The National People’s Congress meeting held this month also announced a bigger fiscal deficit and a general easing policy bias.

Will such an intensification of policy support lead to a revival?

Although the government rolled out its easing policy bias relatively early in this cycle, it may take some time and additional policy support for growth to show a noticeably rebound, likely in the second quarter.

First, the severity of the property sector downshift is increasingly pressuring construction and industrial activities, speeding up corporate balance sheet deterioration to further depress industrial investment.

Second, despite big plans to ramp up fiscal support in public projects, delays in finalizing funding mechanism details means that their implementation may be postponed.

Third, the impact of recent monetary easing (including both interest rate and RRR cuts) has yet to catch up with the continued passive tightening of monetary conditions.

Last but not least, escalating deflationary pressures may be triggering a second-round of headwinds for growth via various channels, for example via sentiment as enterprises facing a bleak nominal revenue outlook hold back from restocking and investment activity.

As such, we think a notable rebound in China’s production and investment activities may not occur until the second quarter of this year, once further policy support has come through.

What additional policy support can we expect?

Although this year’s GDP growth target was lowered to around 7 percent at the NPC meeting, achieving this target will require further policy support, which we believe the government stands ready to provide.

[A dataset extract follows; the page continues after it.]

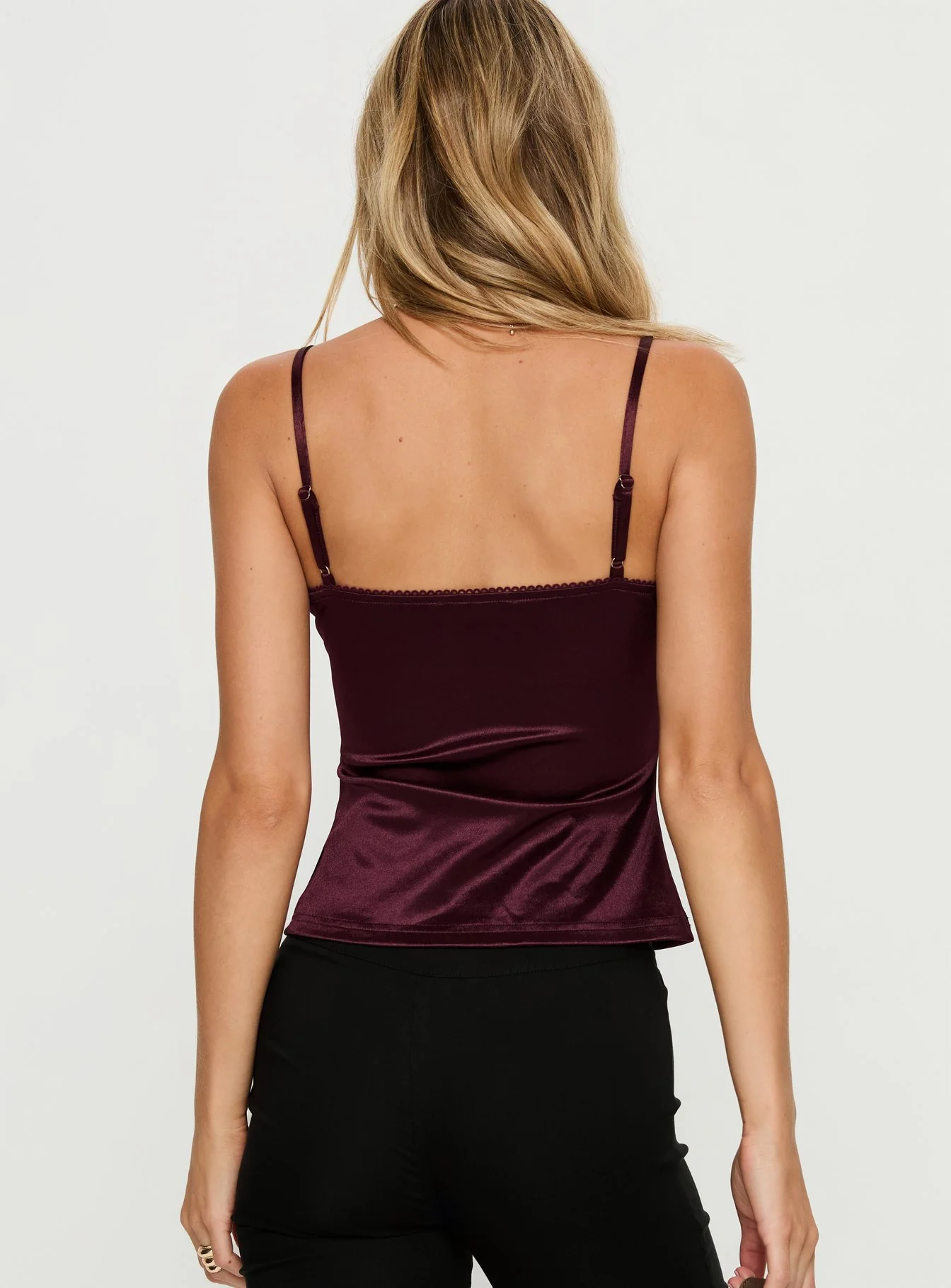 Lunetta Picot Trim Cami Top Burgundy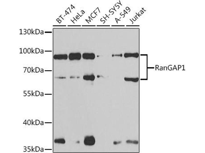 This gene encodes a protein that associates with the nuclear pore complex and participates in the regulation of nuclear transport. The encoded protein interacts with Ras-related nuclear protein 1 (RAN) and regulates guanosine triphosphate (GTP)-binding and exchange. Alternative splicing results in multiple transcript variants.,RANGAP1,Fug1,RANGAP,SD,Epigenetics & Nuclear Signaling,Nuclear Receptor Signaling,Cell Biology & Developmental Biology,Cell Cycle,RANGAP1

In particular, we expect:

• Increased fiscal support for infrastructure investment, social welfare spending and tax cuts. This year’s budget deficit will be effectively increased by 1.5 percent of GDP, with the increased spending focused on public infrastructure, social housing, social safety net, and tax relief for small businesses. In addition, we expect the government to use policy banks and public private partnership (PPP) schemes to provide “quasi fiscal” support to the economy.

• Further relaxation of property policies, via lowering mortgage down payment requirements and interest rates, stepping up hukou reform, and reducing property transaction fees.

• Additional monetary easing, via: 1) one to two benchmark rate cuts to curb real interest rate, with the next cut likely in the second quarter; 2) one to two RRR cuts and more liquidity provisions to ensure ample liquidity conditions and stable base money supply. More imminently, we see the People’s Bank of China moving to ease the current tightness of interbank liquidity conditions and lower money market rates; (3) loan quota increases and relaxation of various credit restrictions to ensure 11 trillion yuan (US$1.77 trillion) in new loans and around 17 trillion yuan in new total social financing this year, in order to “maintain appropriate money and credit growth.”

• Acceleration of pro-growth reforms in the areas of government administration, resource and utility pricing, social safety net and hukou, as highlighted in the government work report.